Poco después da lugar a cifras espeluznantes: “Los factores que están haciendo que mueran 30.000 personas de hambre cada día, que solo en 2009 el número de hambrientos haya aumentado en 100 millones de personas, no son difíciles de descubrir y entender. En primer, influye de modo muy determinante la dificultad que tienen millones de personas para acceder a recursos que están a su lado, que deberían ser suyos pero cuyo uso le está vedado. De hecho, no puede pensarse que el hambre sea algo que se padece exclusivamente en países radicalmente pobres sino en los que a pesar de disponer en algún momento o ahora mismo de recursos suficientes no pueden ponerlos al servicio de sus ciudadanos. Unas veces es la tierra, otras el agua y últimamente las semillas, es decir, lo recursos más básicos que poco a poco van acumulándose por los grandes propietarios o empresas multinacionales”.
A eso agrega: “Y de un modo particularmente expreso se ha demostrado que las condiciones en que se desenvuelve el comercio internacional impiden que se pueda satisfacer ese derecho porque está pensado, en el mejor de los casos, para que genere rendimientos a nivel agregado, como ganancias del sistema de comercio en su conjunto, y a largo plazo, pero no en términos de proporcionar ganancias a las personas concretas y en relación con su capacidad efectiva para poder alimentarse.
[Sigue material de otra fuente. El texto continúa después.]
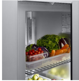
Innenkapazität GN 2/1
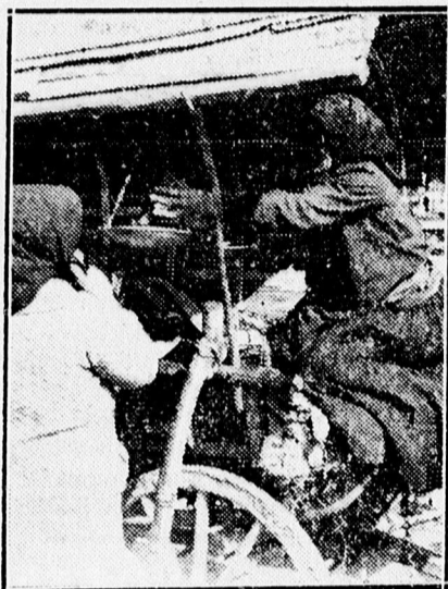
Mérik a borsódi szilvát.
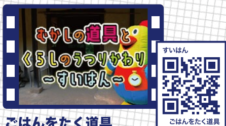
ごはんをたく道具

動画をみるときは、先生や保護者に相談しましょう。授業中に見るときは音声がでないようにするなど、まわりの人に気をくばりましょう。
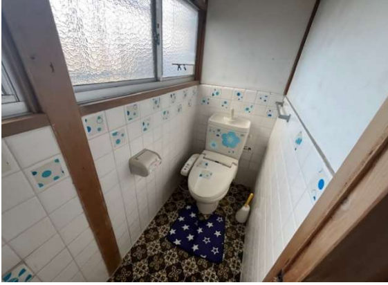
( トイレ )
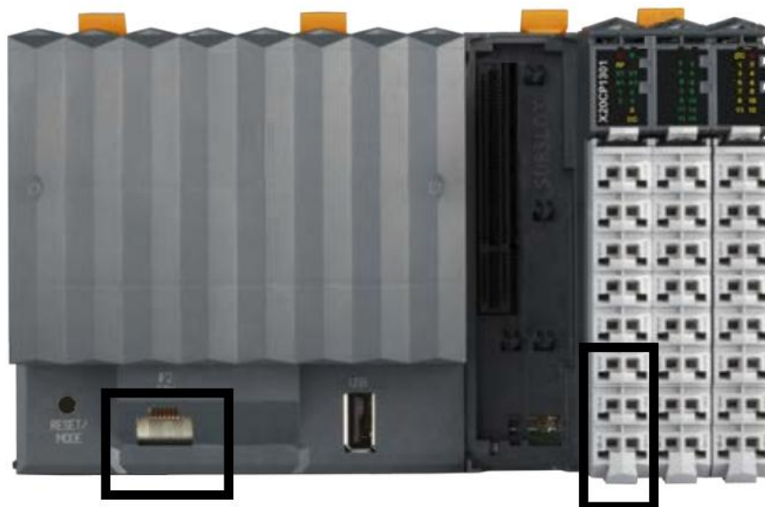
Рисунок 2 - Места пломбирования контроллера установок (показаны черными прямоугольниками)
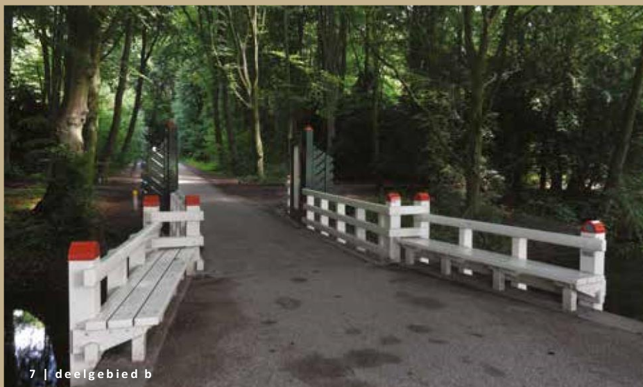
7 | deelgebied b
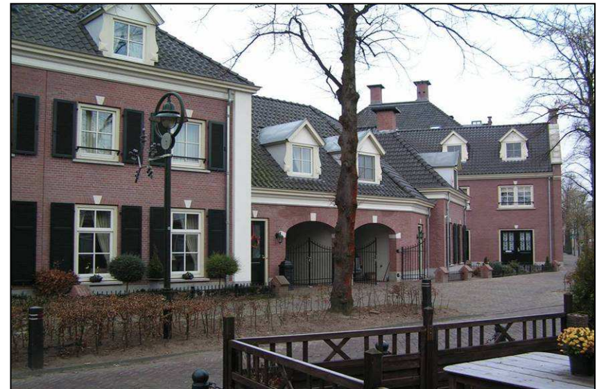
Een voorbeeld van historisch geïnspireerd bouwen staat in Beek en Donk. Het complex heet "De Zeven Zusters" en is van Friso Woudstra architectenbureau. Er is hier gekozen voor een traditionele interpretatie.
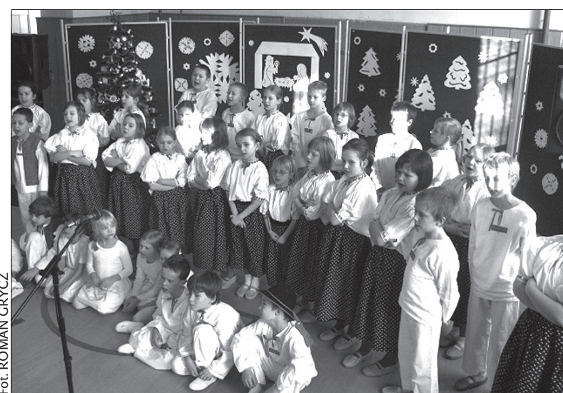
Występ „Ondraszków” zachwyił wszystkich.
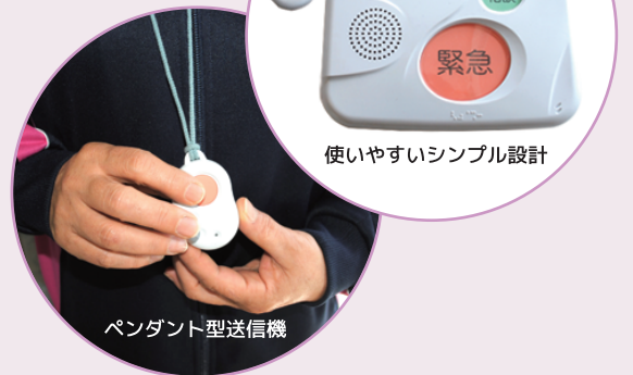
使いやすいシンプル設計

随時対応における訪問の要否判断に基づき、ヘルパーがご利用者様宅を訪問し、必要な介護サービスを提供します。
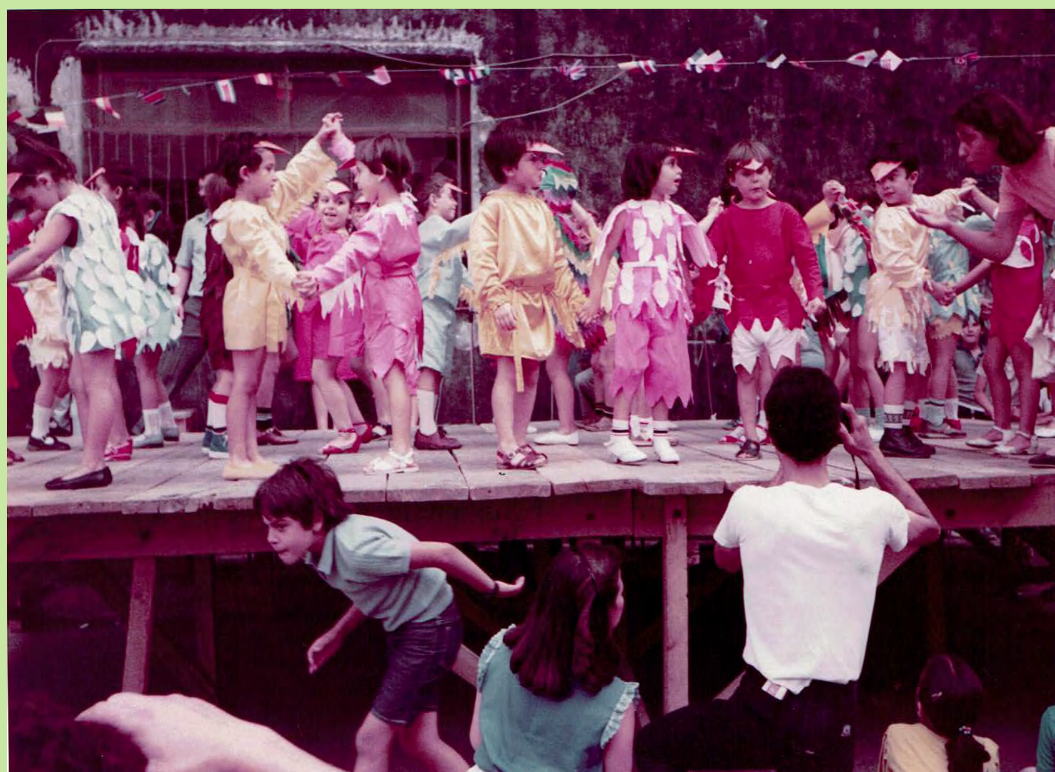
Festival fi de curs. Escola Fergo, barri Sant Marcel·lí. València. Celebraven el fi de curs amb balls i play-backs i convidaven a totes les famílies. 1982

Y también han puesto de relieve que las políticas liberalizadoras están produciendo una mayor concentración de la producción, más monocultivo y expulsión de los pequeños productores porque para que puedan redundar en un más efectivo derecho a la alimentación sería necesario que se pudiera proteger la producción dedicada a la provisión autóctona y que se garatizara la diversidad. Lo que no se permite a los más pobres y débiles de la cadena de la producción alimentaria, aunque sí a los más ricos”.
Su conclusión es lógica: “… lo necesario a nivel global para combatir el hambre es invertir el equilibrio de poder, reconocer el derecho a la alimentación como plenamente exigible y anteponerlo a cualquier otro y evitar que su disfrute esté constantemente amenazado por una lógica comercial y financiera que, además de injusta, es completamente insostenible”.
El hambre, como los otros jinetes del Apocalipsis que galopan como locos en el mundo actual, es perfectamente evitable, pero en la lógica del poder no está evitar más y más daños a la gente y al planeta, sino seguir exprimiendo los recursos naturales de la Tierra con total insensibilidad. Treinta mil personas muertas por día no son nada, una abstracción nomás, para los depredadores financieros que de seguir así terminarán por matar de hambre concreta, nada abstracta, al mismísimo planeta, sin piedad ninguna.